Oubli
Il se dresse fièrement dans son habit de bois, la mine joyeuse, toujours prêt à s’offrir aux services du plus prompt.
Il ne cesse de s’émouvoir des moindres traces laissées séant dans le sillon de son passage.
En voici justement une sujette à l’accueillir. Elle est belle, elle est pleine, droite comme la lampe qui l’éclaire, la sublime.
Attentif, il s’approche, sans brusquer les choses, sans risquer d’esquinter celle qui déjà semble céder sous ses premières caresses.
Les premières volutes tracées épousent avec perfection les lignes de son corps. Un léger feulement semble s’échapper tandis qu’il s’affère à faire courir sur elle l’extrémité pointue dont il sait faire jaillir toute chose sans effort.
Les contacts se font plus vifs, plus soutenus. Il suffirait de tendre l’oreille pour l’entendre gémir du plaisir dont elle est envahie. Elle s’abandonne, oubliant un instant ce qu’aucune n’ignore. Elle n’est qu’un passage, un trait tiré vers l’après, vers l’ailleurs.
Il disparaitra bientôt, glissant jusqu’à une autre, après l’avoir emplie de toute sa substance. Elle n’en sera pas vexée. Elle n’en retiendra aucune contrariété. Elle n’était rien avant lui, elle n’existait que dans son attente.

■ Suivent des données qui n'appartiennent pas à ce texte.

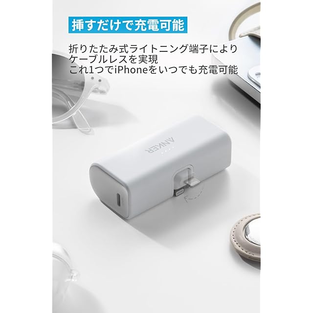 Anker Nano Power Bank (12W, Built-In Lightning Connector) (モバイルバッテリー 5000mAh 小型コンパクト)【MFi認証済/PowerIQ搭載/ライトニング端子一体型】 iPhone 14 / 13 / 12 シリーズ (ホワイト) | primer

Elle sera tout après son passage, elle appartiendra à l’infini, ses gestes à jamais gravés dans sa peau.
Mais soudain tout cesse, tout prend fin. Il s’écroule avant d’avoir pu terminer son ouvrage. C’est l’incompréhension, la stupeur.
Une lumière vive vient d’envahir l’espace. Les yeux se plissent, les sourcils se froncent, les regards se chargent de curiosité.
Une autre présence. Une présence froide, austère, semblant jouir d’une omniprésence implacable.
Il roule sur le flanc avant de s’immobiliser dans un dernier râle.
Elle en est persuadée, la lumière est seule responsable du spectacle qu’elle contemple, impuissante.
Puis c’est l’horreur. Le fracas des doigts s’abatant contre les morceaux de plastique blanc, le rythme effréné, l’absence de respiration, les lignes qui n’en finissent plus d’apparaitre et de disparaitre sous les coups toujours plus violents.
J’ai délaissé le bois pour le plastique. J’ai préféré le froid à la chaleur, l’immobile à la vie. J’ai cessé de tracer des lignes. J’ai laissé la lumière s’en charger.
Assis derrière mon ordinateur, je regarde tristement un crayon dont j’ai oublié l’existence, dépossédé de ce qui faisait son sel, sevré de contact avec celles qui n’attendent que lui et dont elles se trouvent désormais privée.
J’ai posé mes premiers textes sur du papier, contemplant la nature qui m’entourait alors. Je pose ce dernier texte sans rien observer d’autre que des doigts frappant contre des dalles à ressort.
Il aura fallu un crayon oublié. Demain, je renoue avec la feuille.